Thursday, January 14, 2016

2015 - a chapter.

what a year it was. honest to blog, it was a really shitty year. probably the shittiest so far. but towards the end I made a positive experience out of it.. because hey, THAT'S life!


I remember how 2014 ended/2015 started. I already suffered from sleep deprivation for months, our office was closed for two weeks over the holidays - and I was sick most of the time. I spent new year's eve home alone with a movie and a cup of tea, and I remember it not being that bad. I found it very relaxing but still - it was kind of sad.

I tried to boost my immune system after that by doing some exercise, taking some walks. I did get more into skiing and snowboarding in the new year than I have been in years, very happy with that.

however, my physical health didn't really improve, because my soul was suffering. I had to leave my apartment and didn't know where to go. I temporarily moved in with a friend, but that only made me feel more "home"less - basically felt all the "lesses": hopeless, senseless, useless.

I didn't enjoy my job anymore, I was ill-tempered, aggressive really. I thought I had no use in life, at all. this frustration drove me against a wall and I knew I just couldn't go on like that. I wanted to escape that feeling - move away, start a new life - but where? how? why? it didn't feel like escaping, at that point I was just trying to run away.

so I did the exact opposite: I stayed. and faced my problems. all those cheesy quotes "the answer lies within" - they are really true. I began to realize, that I have to put myself first. starting off, I had to learn to not only accept, but to love myself - from scratch.

this is me halfway through the year on my holiday in portugal. I put on a brave face, but I remembered the hard times I had then.. with that in mind, this in one of my favourite pictures of me this year!

it was a long journey.. facing my weakness meant opening old scars. those again fresh wounds hurt even more, but I managed to stay focussed - "the only way out is through!" those were probably the hardest months where I questionned myself the most.. was the new path right for me? the old demons kept creeping up but in the end, it was worth it.

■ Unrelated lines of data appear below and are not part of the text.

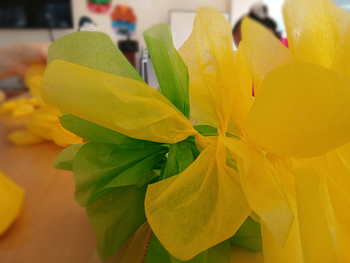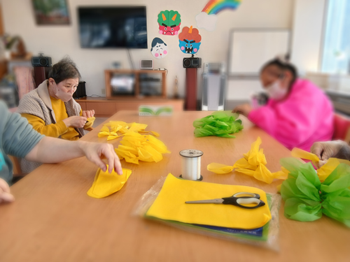 โ€‹้ป„่‰ฒใจ็ท‘ใฎ้ฎฎใ‚„ใ‹ใช็ด ๆใ‚’ไฝฟใ„ใ€็š†ๆง˜ใงๆฅฝใ—ใไผš่ฉฑใ‚’ๅผพใพใ›ใชใŒใ‚‰ใ€
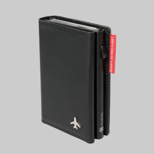 Designed to hold up to 6 cards, which smoothly pop out with the push of a button. It also features a clear ID window, cash compartment, and a sleek, aviation-themed design that stands out in all the right ways.
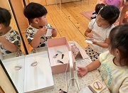 お部屋でフェルトを使った手作りのお化粧セットで遊びました。鏡を見ながら、アイシャドウを塗ったり、パフでポンポンしたり、「つぎかして!」「これやりたい!」とのりのりでお化粧をしていました。自分のお化粧が終わるとぬいぐるみにもお化粧をし楽しんでいました!
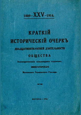 Краткий исторический очерк двадцатипятилетней деятельности Общества вспомоществования нуждающимся студентам Императорского Московского Технического Училища. 1889-XXV-1914 / Императорское Московское Техническое Училище. — Москва : Типо-литография Русского товарищества Печатного и Издательского дела, 1914. — 124 с.: вкл. л., ил.. — . Напечатано по старой орфографии. — 1251.00 р.
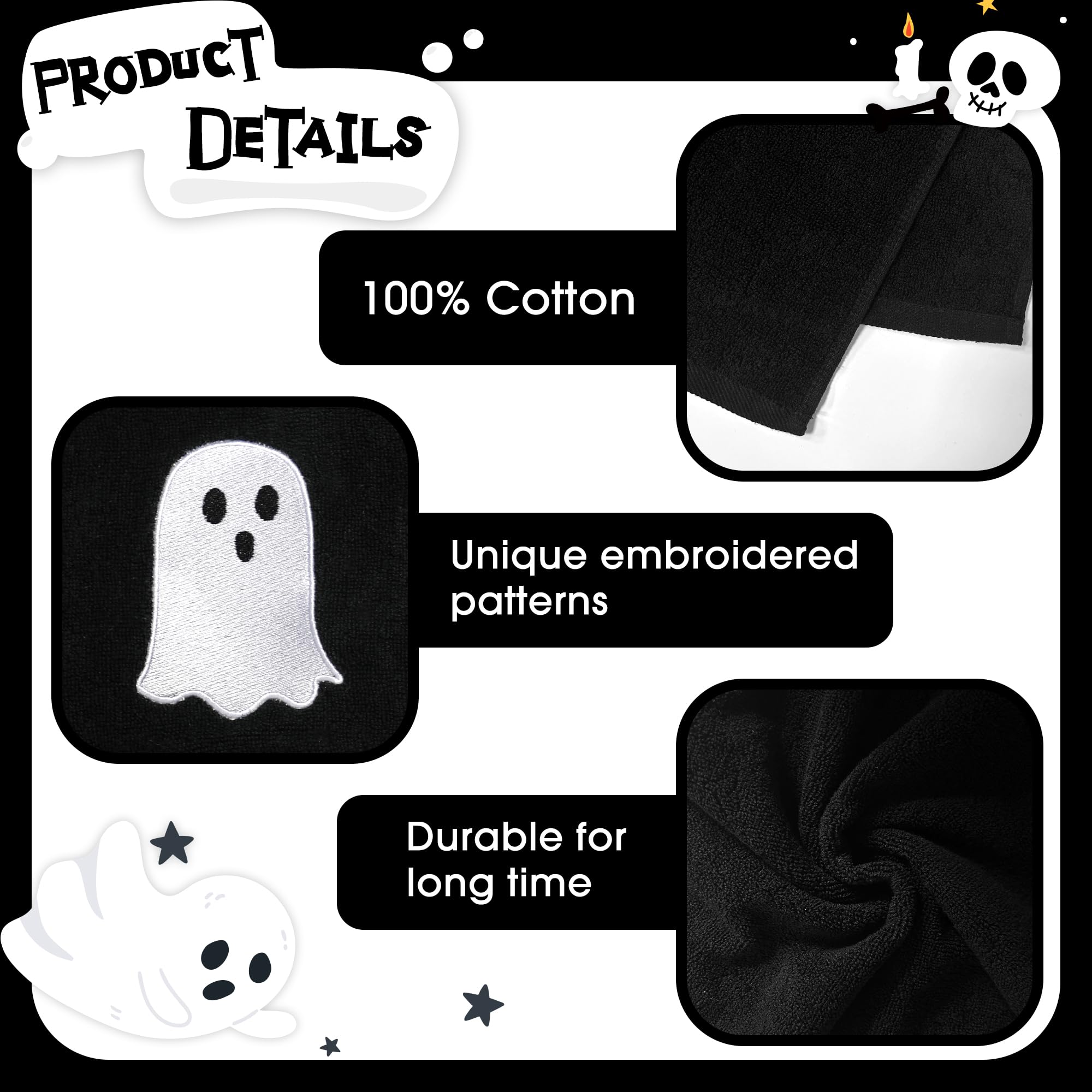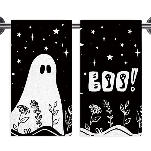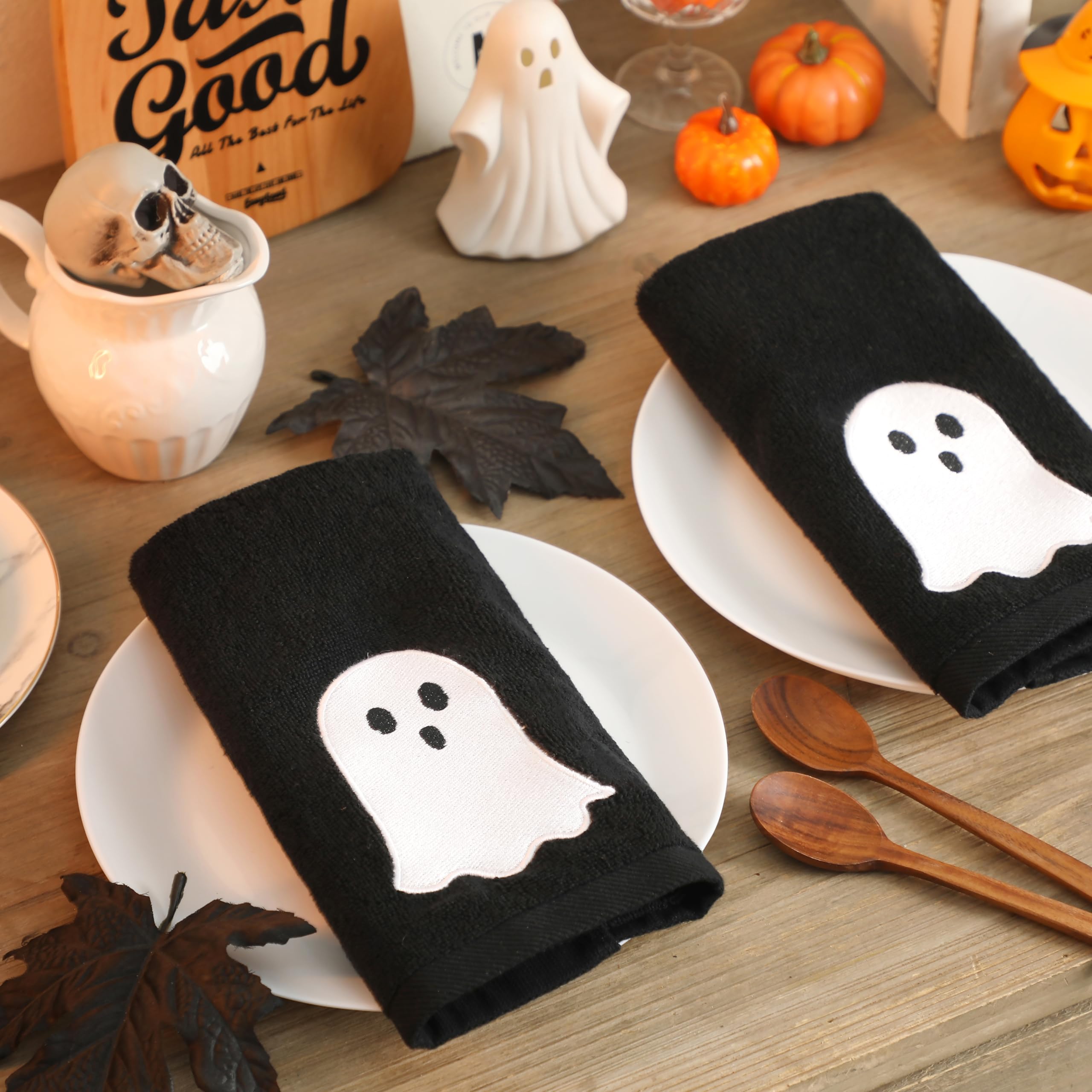 Essuie-Mains Doux Pour Salle De Bain, Cuisine, Yoga, Salle De Sport, Serviettes Décoratives, Lot... boucle d’oreilles fantômes Pac-Man Essuie-mains Fantômes Effrayants, Décoration D'Halloween Essuie-mains fantôme d'Halloween pour salle de bain | Serviette décorative d'Halloween amusante à suspendre | Serviette de cuisine absorbante pour Halloween - Torchon de vaisselle pour la cuisine et

I now accept those dark times as part of the journey.

after improving over summer and making some positive changes to my lifestyle, including a new apartment and lots of yoga, I hit another low in autumn. challenges piled up and with them my old habits. but something was different, now I had new ressources within me to conquer those challenges in a new way. that success gave me enough confidence to be more relaxed, simply because: I know I can do it again.

if you're not happy with your life, you must realize: only you can change that. if you blame others & miss the point, you might get used to a shitty life. you don't have to - embrace change & never stop learning!

all that's left to say for 2016 is: I'm ready. 
make it a good one, because it's in YOUR hands, and yours alone.